I quit drinking and smoking at the same time. I had been sober for 4 years before tornado hit my life and I relapsed for 1 year 8 months. I'm facing some real challenges again but I am determined never to go down that path of darkness again. Reclaiming sobriety was one of the hardest things I've ever done. But this is 60 days later, the smoke is gone from my lungs, I've lost weight, the puffiness is gone from my face, I look and feel healthier, the alcohol is out of my system and most days I wake up inspired, optimistic and ready to take on my life as is. Life didn't change just because I quit drinking, but I did. I'm learning to be comfortable in my new skin and learning how to appreciate small things, taking time and breathing in the moments. I'm all here and some of it is painful and some memories of drinking days are painful but the past is gone forever and the today is what I have.
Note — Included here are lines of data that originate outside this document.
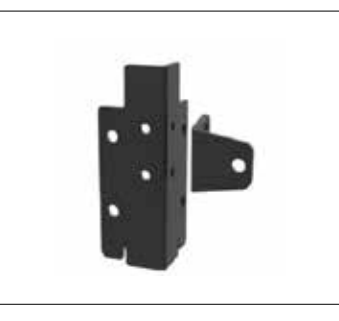
Kick Plate - Bracket Inner corner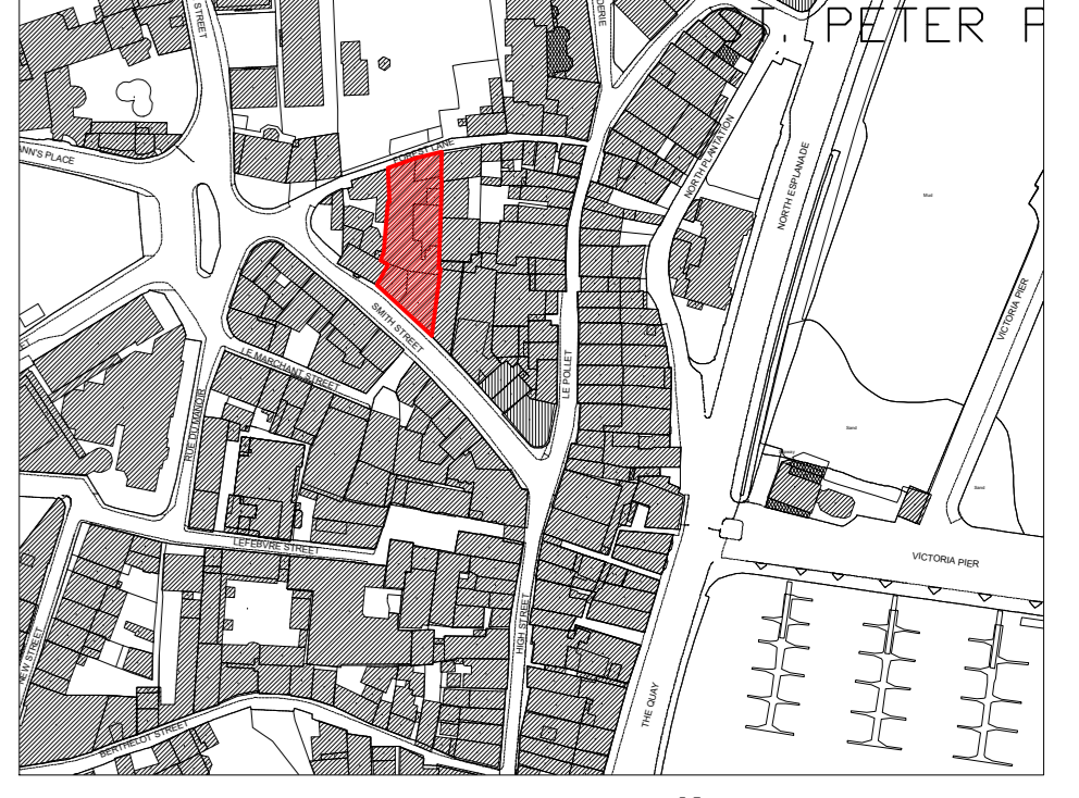
Location Plan 1:2500 Copyright 2019 State of Guernsey/Digmap Ltd Digmap Science No.109

AMENDMENTS A - 07/07/20 - GWH - Various revisions as requested by Building Control highlighted in red. B - 14/07/20 - GWH - Additional information added in regards to Fire Safety as requested by Building Control C - 04/08/20 - GWH - Dry Riser Added.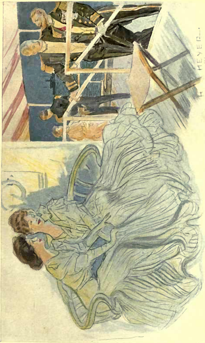
" Ah! here they come! Isn't he perfectly splendid?" (Page 75)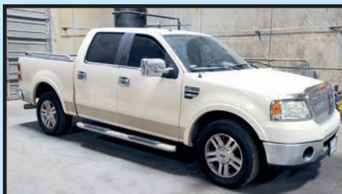
FORD LARIAT PICKUP TRUCK

If you need assistance, don't hesitate to call (713) 691-4401. ALL BIDS ARE SUBJECT TO AN 18% BUYER'S PREMIUM.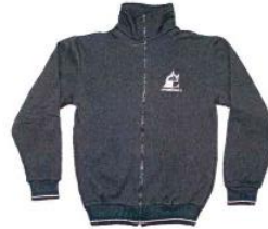
Cannington CC Zip Fleece Jacket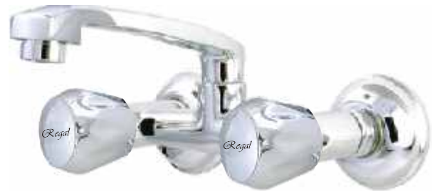
Cat No. 9305 Sink Mixer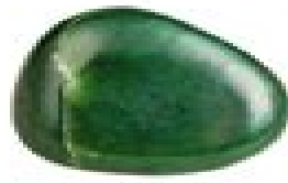
nephrite (green jade)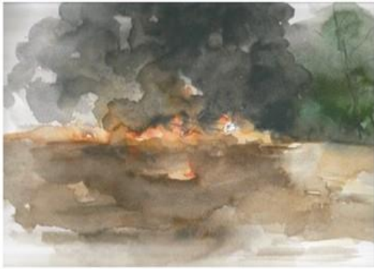
Fig. 13. Explosion I (Water Colour) 2018 Artist: Kingsley Gomka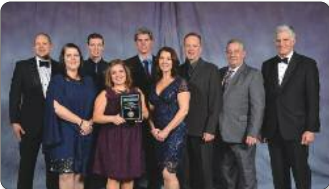
Goodmen Roofing Calgary, Ltd Airdrie, Alberta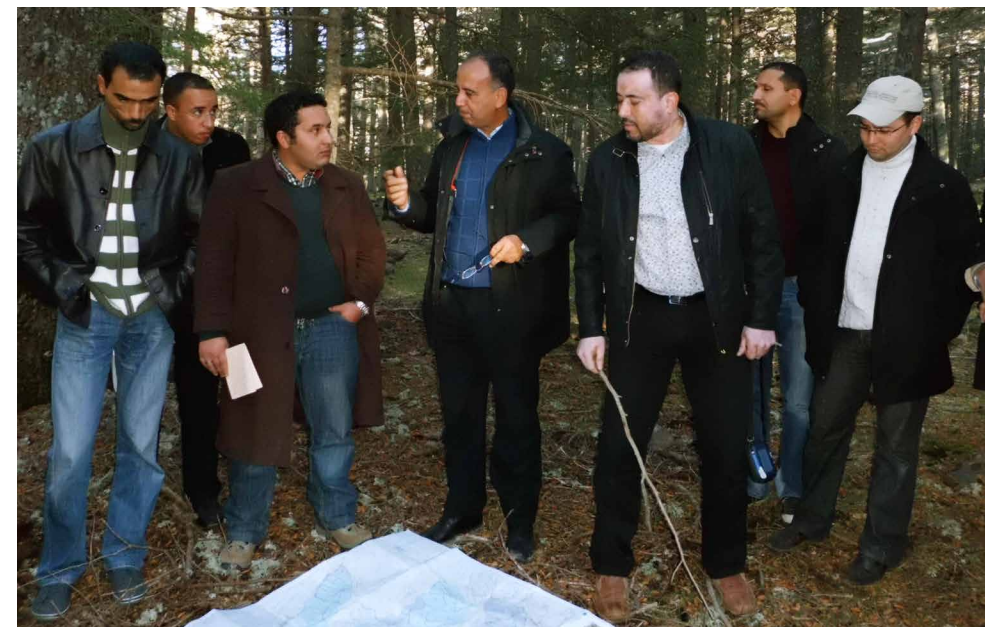
One of the international AGORA workshops dealt with the methods and tools for participatory and adaptive forest management. Young researchers were tutored by a group of internationally acknowledged scientists and joined them to learn about the practical aspects of forest management during a field trip.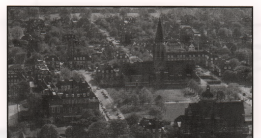
Aerial colour photographs of the area around Central Square are amongst a large range of cards available from the Garden Suburb Gallery.

GRIFFIN STONE, MOSCROP & CO Chartered Accountants Registered Auditors

I've come to realize I have the choice to make today anything I want it to be. Being without alcohol gives me the freedom to choose.
I don't spend hours in an alcohol cloud, numb to everyone except myself, I don't spend time thinking of when and how to get my next drink, or how many or if how to pretend I haven't drank as much as I have. ::big sigh:: Real Freedom. It's a good place.
Thanks for listening. Good luck on what ever path you have chosen and have a truly wonderful day.